Die Abneigung von Wikileaks gegen Clinton war zwar spätestens nach der Veröffentlichung von über 250'000 Depeschen US-amerikanischer Botschaften im November 2010 kein Geheimnis mehr. Die damalige US-Aussenministerin wurde von der Enthüllungsplattform in der Hoffnung auf ihren Rücktritt für ihre völkerrechtlich fragwürdige Libyen-Intervention schon damals aufs schärfste kritisiert. Doch die Chatprotokolle liefern nicht nur einen ungefilterten Blick auf die politischen Ziele, die sich Wikileaks vor dem Präsidentschaftswahlkampf steckte, sondern erstmals auch auf die Mittel, die dazu eingesetzt werden sollten.

«Sei der Troll, den du in der Welt sehen willst»

So wurde im internen Gruppenchat unter anderem darüber diskutiert, wie Online-Attacken auf Politiker effektiver umgesetzt werden könnten. «Du könntest einfach deinen Account-Namen ändern und als Profilbild eine hübsche Blondine nehmen», wird den Mitgliedern im internen Gruppenchat in einer Nachricht geraten. Welchen Sinn das habe, wollte ein Mitglied wissen. «Studien zeigen, dass Bilder von attraktiven Frauen renitente Männergruppen wie Parlamentsmitglieder dazu bringen, sich zu öffnen», so die Erklärung. Ansonsten: «Eröffne einfach einen neuen Account.» Gemeint war damit ein Fake-Account.
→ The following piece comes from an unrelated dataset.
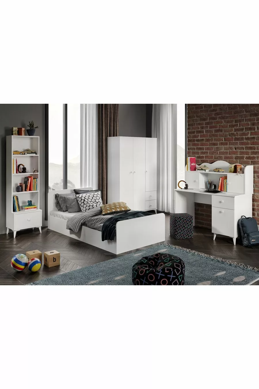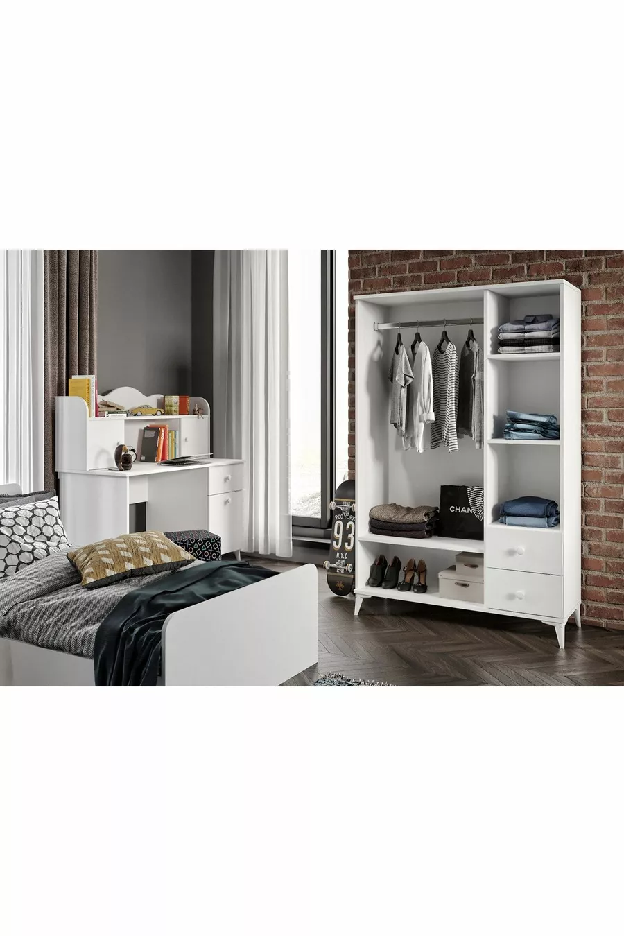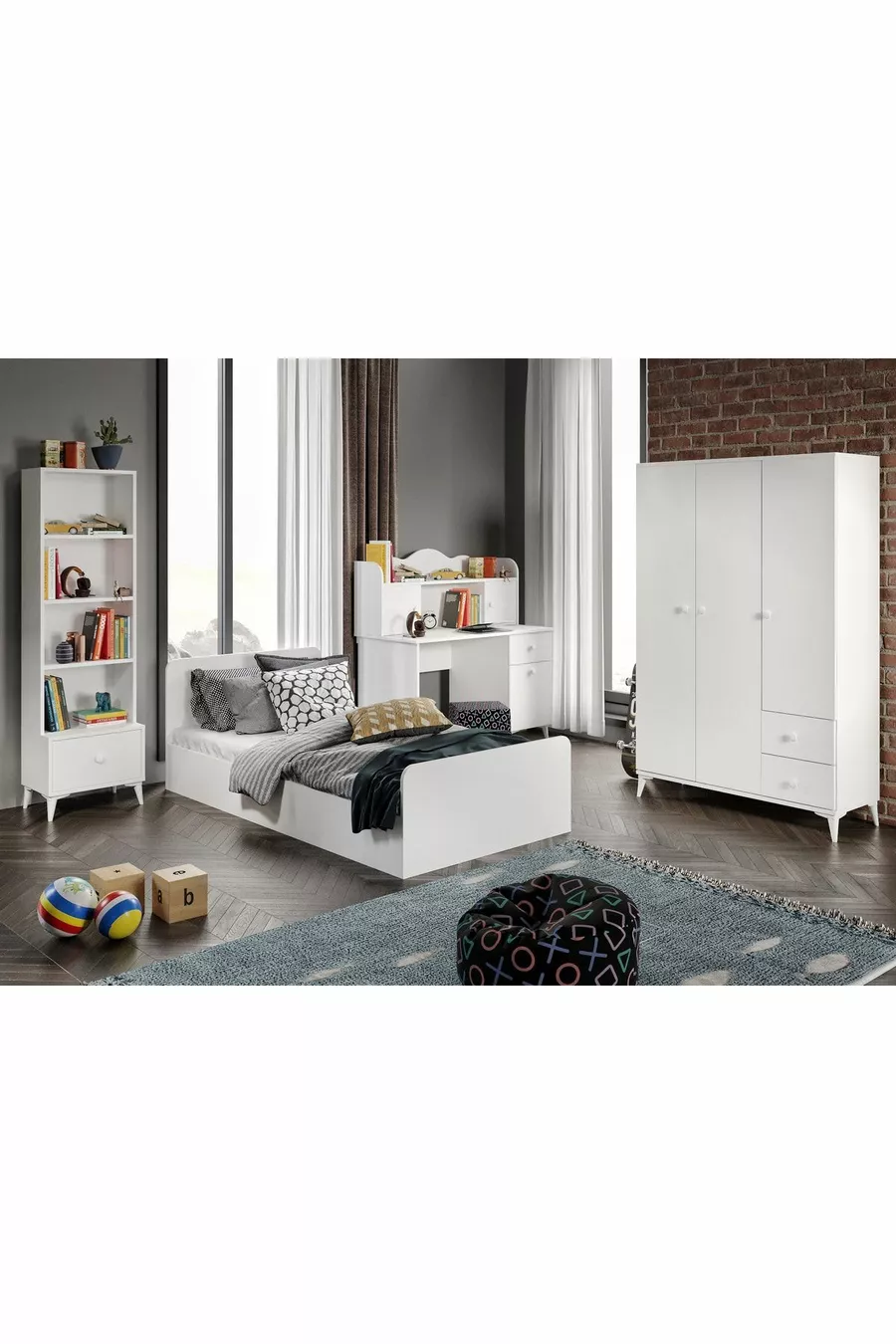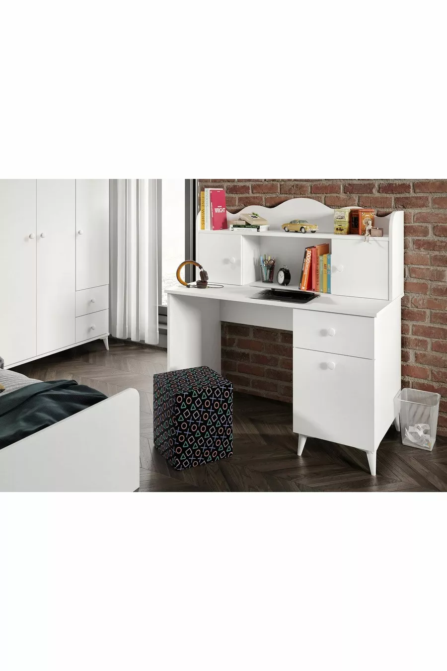 Set Camera da Letto Moderna per Giovani Akasya Bianca - 4 Pezzi e Interamente in MDF di Prima Qualità

«Eröffne einfach einen neuen Account»: Mitgliedern des internen Gruppenchats wird geraten, Fake-Accounts anzulegen. Bild: The Intercept

«Nimm eine tote Schauspielerin, wenn du dich juristisch absichern willst, denn das Bild repräsentiert ein Statement, keine Person», heisst es ein paar Zeilen weiter unten. «Hahahaha», antwortet ein Mitglied der internen Chatgruppe amüsiert. Doch scheint sich die Person nicht sicher zu sein, ob Troll-Accounte tatsächlich die richtige Antwort seien: «Mein Problem ist, dass ich mich nicht als jemand anderes ausgeben möchte.» Trotzdem sei es «eine gute Idee für zukünftige Kampagnen». Welche Kampagne das Mitglied damit meinte, ist unklar. Geschrieben wurde die Nachricht am 18. Juni 2015.